● **Exercise requirements**
Look below for the lines from the one with "Pioneer DJ /" to the one with "Pierre Cardin Geometrik", and copy exactly those lines, both ends included.

(Collected data entries)
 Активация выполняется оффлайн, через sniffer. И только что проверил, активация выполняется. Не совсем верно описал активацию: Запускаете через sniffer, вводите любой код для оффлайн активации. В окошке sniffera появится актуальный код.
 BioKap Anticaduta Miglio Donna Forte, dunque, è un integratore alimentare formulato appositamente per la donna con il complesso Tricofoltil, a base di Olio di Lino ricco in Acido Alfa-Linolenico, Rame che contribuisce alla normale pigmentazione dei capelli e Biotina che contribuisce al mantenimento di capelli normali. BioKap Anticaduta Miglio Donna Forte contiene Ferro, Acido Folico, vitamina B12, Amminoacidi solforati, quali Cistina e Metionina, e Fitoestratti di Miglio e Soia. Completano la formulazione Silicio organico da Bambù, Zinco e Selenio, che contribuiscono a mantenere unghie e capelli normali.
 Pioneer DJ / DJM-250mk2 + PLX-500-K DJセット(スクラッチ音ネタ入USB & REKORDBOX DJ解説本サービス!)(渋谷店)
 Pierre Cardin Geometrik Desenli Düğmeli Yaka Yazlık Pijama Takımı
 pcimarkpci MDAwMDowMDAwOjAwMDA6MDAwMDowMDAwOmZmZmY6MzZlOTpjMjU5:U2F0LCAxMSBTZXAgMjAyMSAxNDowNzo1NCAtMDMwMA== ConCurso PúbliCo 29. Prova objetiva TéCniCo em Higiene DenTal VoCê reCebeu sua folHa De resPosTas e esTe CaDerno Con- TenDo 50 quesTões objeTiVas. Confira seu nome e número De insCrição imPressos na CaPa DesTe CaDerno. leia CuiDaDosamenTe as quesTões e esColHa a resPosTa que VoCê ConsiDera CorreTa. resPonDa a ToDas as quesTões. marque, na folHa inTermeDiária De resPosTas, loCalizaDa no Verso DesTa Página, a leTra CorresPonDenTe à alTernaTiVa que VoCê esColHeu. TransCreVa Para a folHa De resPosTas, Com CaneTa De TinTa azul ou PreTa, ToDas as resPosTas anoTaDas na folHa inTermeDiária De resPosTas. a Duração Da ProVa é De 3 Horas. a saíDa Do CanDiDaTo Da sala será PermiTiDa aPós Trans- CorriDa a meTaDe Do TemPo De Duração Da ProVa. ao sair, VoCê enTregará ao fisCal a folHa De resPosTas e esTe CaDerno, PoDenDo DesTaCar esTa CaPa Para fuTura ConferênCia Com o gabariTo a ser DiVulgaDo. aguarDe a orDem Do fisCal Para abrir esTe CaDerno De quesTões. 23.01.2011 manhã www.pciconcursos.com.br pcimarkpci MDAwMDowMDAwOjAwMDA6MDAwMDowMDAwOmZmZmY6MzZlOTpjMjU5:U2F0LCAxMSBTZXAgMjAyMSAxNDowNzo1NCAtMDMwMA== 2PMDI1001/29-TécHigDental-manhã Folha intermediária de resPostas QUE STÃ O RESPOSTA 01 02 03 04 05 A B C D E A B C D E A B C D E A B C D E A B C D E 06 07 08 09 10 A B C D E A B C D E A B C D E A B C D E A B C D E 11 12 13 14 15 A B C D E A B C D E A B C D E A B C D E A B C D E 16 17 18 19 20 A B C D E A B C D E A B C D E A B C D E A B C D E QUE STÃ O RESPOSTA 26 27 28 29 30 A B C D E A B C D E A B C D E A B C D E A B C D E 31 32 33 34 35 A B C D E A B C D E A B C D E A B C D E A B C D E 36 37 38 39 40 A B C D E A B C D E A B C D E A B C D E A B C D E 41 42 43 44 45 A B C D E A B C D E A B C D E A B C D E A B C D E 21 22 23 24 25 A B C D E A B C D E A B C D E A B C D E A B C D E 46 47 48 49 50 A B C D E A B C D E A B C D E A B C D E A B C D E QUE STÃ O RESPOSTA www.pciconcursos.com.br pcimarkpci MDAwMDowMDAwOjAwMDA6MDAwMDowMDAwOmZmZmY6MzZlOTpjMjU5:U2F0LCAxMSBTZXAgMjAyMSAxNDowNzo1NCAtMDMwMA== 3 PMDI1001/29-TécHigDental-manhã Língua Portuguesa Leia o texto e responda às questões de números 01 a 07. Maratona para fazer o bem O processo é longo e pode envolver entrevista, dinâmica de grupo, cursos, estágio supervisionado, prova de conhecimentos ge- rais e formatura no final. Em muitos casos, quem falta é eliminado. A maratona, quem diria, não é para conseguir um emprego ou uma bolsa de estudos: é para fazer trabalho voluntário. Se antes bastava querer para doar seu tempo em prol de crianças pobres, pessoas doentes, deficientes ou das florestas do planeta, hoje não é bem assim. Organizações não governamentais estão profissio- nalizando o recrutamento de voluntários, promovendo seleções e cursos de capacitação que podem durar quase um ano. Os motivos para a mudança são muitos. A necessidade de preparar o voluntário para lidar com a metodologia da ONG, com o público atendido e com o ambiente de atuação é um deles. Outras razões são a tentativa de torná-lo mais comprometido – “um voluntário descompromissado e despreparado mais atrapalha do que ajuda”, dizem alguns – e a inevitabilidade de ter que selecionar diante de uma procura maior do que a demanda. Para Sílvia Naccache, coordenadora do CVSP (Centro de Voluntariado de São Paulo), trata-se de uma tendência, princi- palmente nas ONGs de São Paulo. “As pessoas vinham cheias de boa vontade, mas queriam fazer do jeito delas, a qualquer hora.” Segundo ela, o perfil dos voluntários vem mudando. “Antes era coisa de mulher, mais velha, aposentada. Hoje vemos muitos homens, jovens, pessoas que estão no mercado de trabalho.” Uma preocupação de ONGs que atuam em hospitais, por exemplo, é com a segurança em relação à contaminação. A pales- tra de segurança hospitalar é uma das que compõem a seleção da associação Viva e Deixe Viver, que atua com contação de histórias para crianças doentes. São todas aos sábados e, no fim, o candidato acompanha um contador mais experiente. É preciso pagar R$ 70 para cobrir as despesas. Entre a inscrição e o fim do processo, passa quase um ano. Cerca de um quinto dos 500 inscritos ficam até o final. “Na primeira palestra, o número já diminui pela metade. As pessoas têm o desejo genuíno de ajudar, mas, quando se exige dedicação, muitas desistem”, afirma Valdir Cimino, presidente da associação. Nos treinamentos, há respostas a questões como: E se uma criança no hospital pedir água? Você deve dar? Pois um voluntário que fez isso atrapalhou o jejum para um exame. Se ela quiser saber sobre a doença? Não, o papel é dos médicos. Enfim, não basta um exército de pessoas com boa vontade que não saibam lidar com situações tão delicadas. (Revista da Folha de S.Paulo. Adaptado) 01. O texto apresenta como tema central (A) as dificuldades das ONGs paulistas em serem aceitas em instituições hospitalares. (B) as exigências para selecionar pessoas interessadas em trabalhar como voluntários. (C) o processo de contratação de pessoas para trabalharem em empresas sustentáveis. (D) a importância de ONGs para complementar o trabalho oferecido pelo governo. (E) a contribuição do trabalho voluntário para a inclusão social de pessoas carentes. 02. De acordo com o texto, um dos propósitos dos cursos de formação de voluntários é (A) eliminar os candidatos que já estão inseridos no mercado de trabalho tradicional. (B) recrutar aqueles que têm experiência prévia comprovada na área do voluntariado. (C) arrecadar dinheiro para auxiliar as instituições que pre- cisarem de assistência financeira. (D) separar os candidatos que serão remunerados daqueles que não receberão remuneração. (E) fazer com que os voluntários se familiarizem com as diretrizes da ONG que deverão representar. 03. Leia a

● **Solved problem**
 Pioneer DJ / DJM-250mk2 + PLX-500-K DJセット(スクラッチ音ネタ入USB & REKORDBOX DJ解説本サービス!)(渋谷店)
 Pierre Cardin Geometrik Desenli Düğmeli Yaka Yazlık Pijama Takımı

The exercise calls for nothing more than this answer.